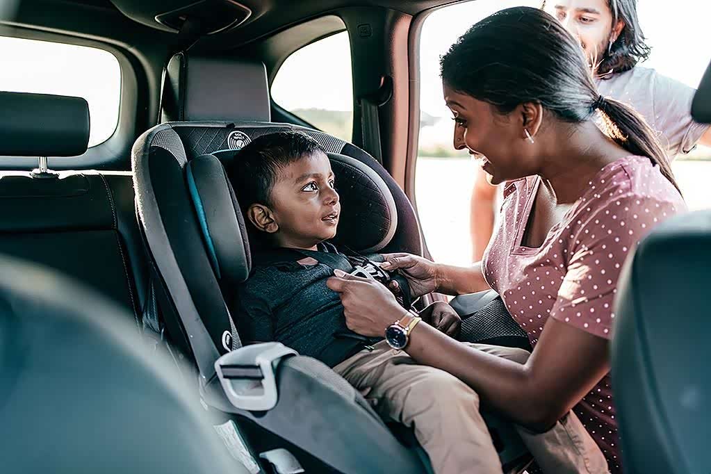 宽大平坦的后座底座可轻松容纳三个儿童座椅,后向式儿童座椅前方的腿部空间足以容纳身高 184 厘米的驾驶员。如果儿童座椅朝前,则更适合身高较高的前排乘客。
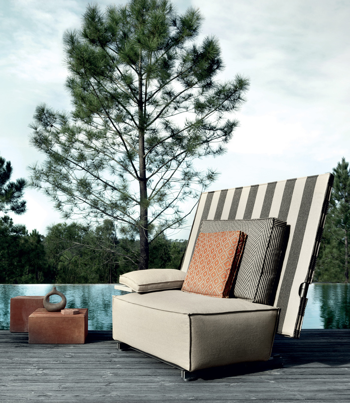 The very first collaboration between B&B Italia and Philippe Starck leads to the birth of a sofa and an armchair, both with impressive dimensions and a highly scenographic presence, that surprisingly combine an unusual shape and an unexpected function, with a name that really attracts attention. Oh, it rains! is a piece of considerable impact, destined to last over time and to be talked about, but also to be used in the most unexpected ways and contexts. Philippe Starck started his research for this project by going back to the origins of outdoor furniture, that of nomads and soldiers: desert tents and field equipment, colonial colors and very light materials, essential shapes with functions connected with rapid action. We notice Oh, it rains! right away for its large backrest. It isn’t a simple decorative element, though. It acts like a wall or a partition to create an intimate and private setting, and, when necessary, it folds down on top of the seat and - voilà - the seat and cushions are covered and protected. Colours and materials go hand in hand with the initial concept and the collection introduces colonial shades and raffia-effect waterproof fabrics. The backrest is proposed as a surface to be personalized through the choice and combination of fabrics. The collection is enhanced by optional cushions that guarantee extra comfort and a dynamic look to this large object, suitable for private settings and also for outdoor areas in hotels and lounge. From a technical standpoint, the backrest is made with a double layer of water-repellent fabric, which makes it 100% waterproof. For this reason Oh, it rains! can be covered with any type of outdoor fabric present in the B&B Italia collection. It is also possible to choose the version with a side table integrated into the structure, available in natural teak wood or Mediterranean stone.
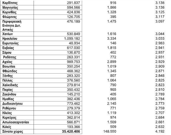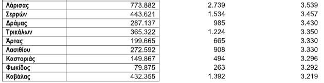 Στον αντίποδα, τα πιο χαμηλά ποσά αποταμιεύσεων/λογαριασμών καταγράφουν όσοι κατοικούν στους Νομούς Κιλκίς (2.632 ευρώ), Αιτωλοακαρνανίας (2.661 ευρώ), Κέρκυρας (2.684 ευρώ), Ηλείας (2.707 ευρώ) και Ρεθύμνου (2.759 ευρώ).
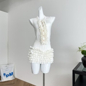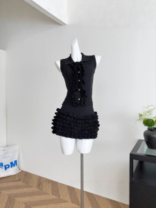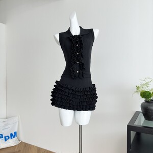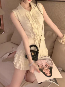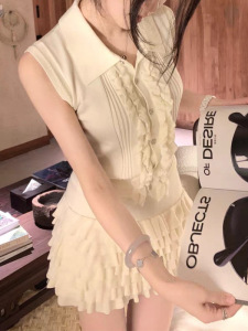 2025年夏新款娇嫩俏皮感针织木耳边气质蛋糕半裙套装
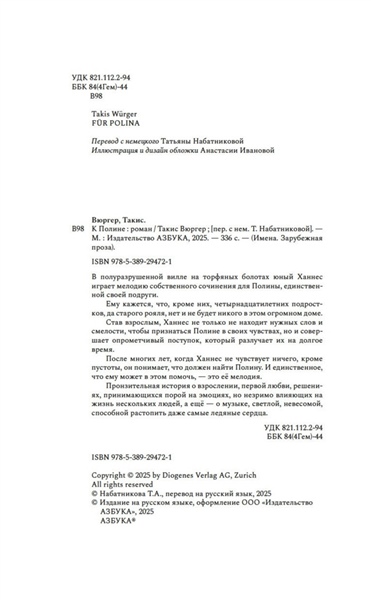 В полуразрушенной вилле на торфяных болотах юный Ханнес играет мелодию собственного сочинения для Полины, единственной своей подруги. Ему кажется, что кроме них, четырнадцатилетних подростков, да старого рояля, нет и не будет никого в этом огромном доме. Став взрослым, Ханнес не только не находит нужных слов и смелости, чтобы признаться Полине в своих чувствах, но и совершает опрометчивый поступок, который разлучает их на долгое время. После многих лет, когда Ханнес не чувствует ничего, кроме пустоты, он понимает, что должен найти Полину. И единственное, что ему может в этом помочь — это ее мелодия. Пронзительная история о взрослении, первой любви, решениях, принимающихся порой на эмоциях, но незримо влияющих на жизнь нескольких людей, а еще — о музыке, светлой, невесомой, способной растопить даже самые ледяные сердца.

- _Aim of the task_:
In the entries above, find the line with "Στον αντίποδα, τα" and the line with "2025年夏新款娇嫩俏皮感针织木耳边气质蛋糕半裙套装". Write out exactly those two lines and every line between them, pictures excluded.

- _Response_:
 Στον αντίποδα, τα πιο χαμηλά ποσά αποταμιεύσεων/λογαριασμών καταγράφουν όσοι κατοικούν στους Νομούς Κιλκίς (2.632 ευρώ), Αιτωλοακαρνανίας (2.661 ευρώ), Κέρκυρας (2.684 ευρώ), Ηλείας (2.707 ευρώ) και Ρεθύμνου (2.759 ευρώ).
 2025年夏新款娇嫩俏皮感针织木耳边气质蛋糕半裙套装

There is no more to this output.